Just a reminder to all:
...
There are multiple ways to obtain relief since there are multiple reasons for back pain, running the gamut from muscle strains to arthritis of the bone to degenerative disc disease to herniated discs to compression fractures to metastatic cancer to infections (even tuberculosis) of the spine.
The worrisome signs for significant reasons for back pain (lumbar or cervical):
1. Sudden onset of pain associated with a high-energy mechanism (fall from height, car crash, etc)
2. Midline pain (rather than the muscle pain along the sides of the spine) especially when associated with night sweats and fevers.
3. Motor weakness of the arms or legs.
4. Urinary or bowel incontinence
5. Numbness/pins and needles of your "privates"

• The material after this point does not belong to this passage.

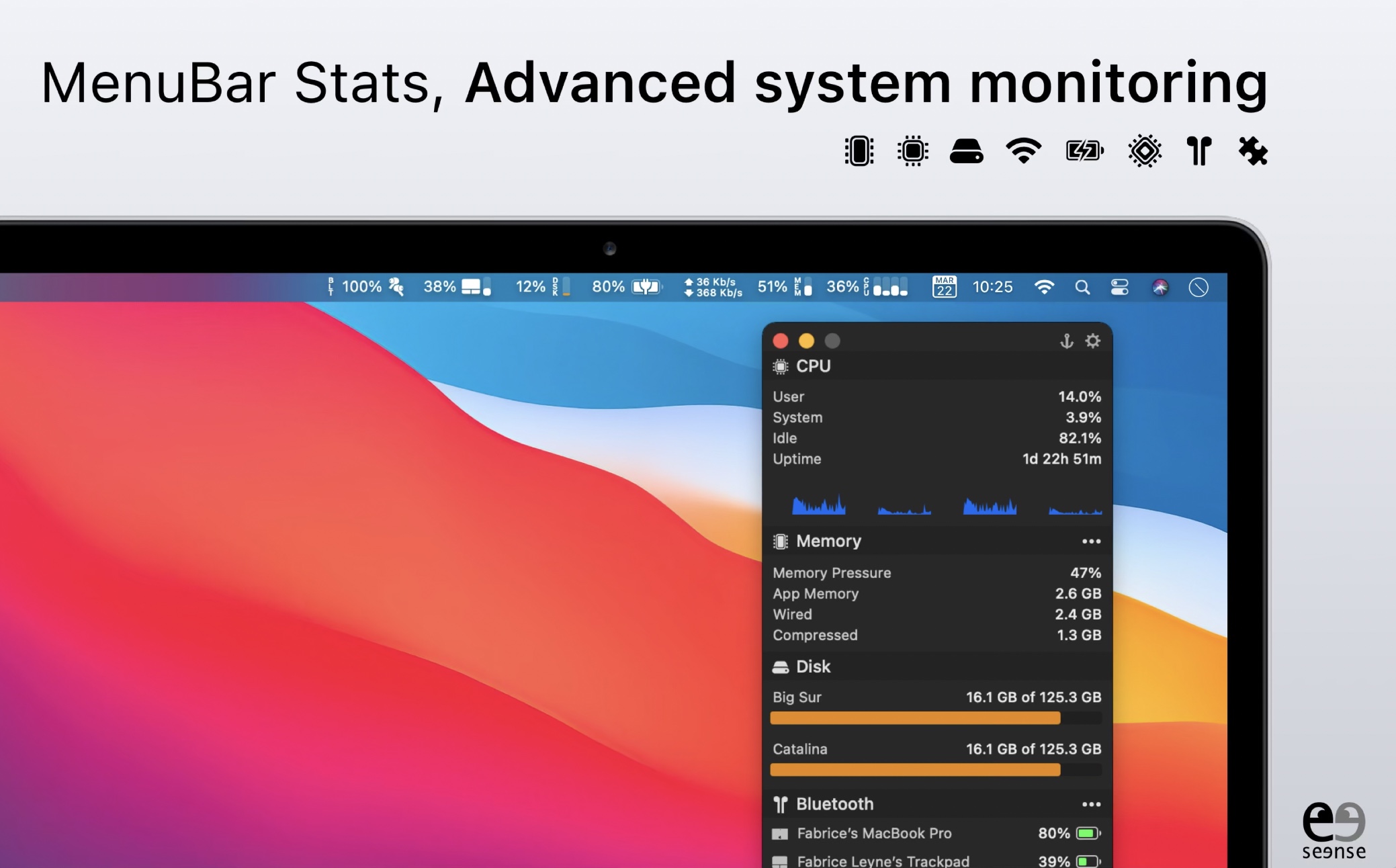 Jestliže hledáte komplexní aplikaci, pomocí které můžete sledovat prakticky všechno co vás napadne – od počasí až po úroveň nabití vašeho Magic Trackpadu – tak sáhněte po iStatMenus. Osobně tuto aplikaci pro sledování naprosto všeho využívám již několik měsíců a asi si už neumím představit, že bych bez ní fungoval. Sleduji s ní vytížení a teploty hardwaru, otáčky ventilátoru a baterii AirPods, Magic Keyboard a Magic Mouse.

6. Loss of sexual function.
The last three are associated with a condition called "Cauda Equina Syndrome", where a ruptured disc pushes on the lower sacral nerves. This is a true emergency, especially if the symptoms are associated with a sudden onset during a high-energy activity. These nerves can't take a joke and can be permanently damaged within hours. I have been asking about the CES symptoms in my back pain patients for 25 years. I saw my first case about 9 months ago when a newly-married schoolteacher was playing basketball with his students. He jumped high and "landed crooked". It caused severe pain, but he played for 5 more minutes because he didn't want to show his students he was hurt. He knew something was up as the pain got worse and he felt like he needed to urinate but "it wouldn't come out", and he also whispered to me that "'it' isn't working any more". He had his MRI within one hour and it showed a complete rupture of the L5 disc backwards into the spinal canal - and it was totally squishing the lower nerve roots. He was on the operating room table within three hours of the injury. The worst part of my day (and he and his sobbing wife's) was warning him that some of the symptoms may persist after the surgery - i.e. "it" might not ever work again.
Please have significant back pain evaluated by a medical physician at least once. Chiropractors can do wonders with muscle and bulging disc problems - not so much with metastatic prostate cancer or multiple myeloma. I would (and have personally) used a PM&R (Physical Medicine and Rehabilitation) doctor.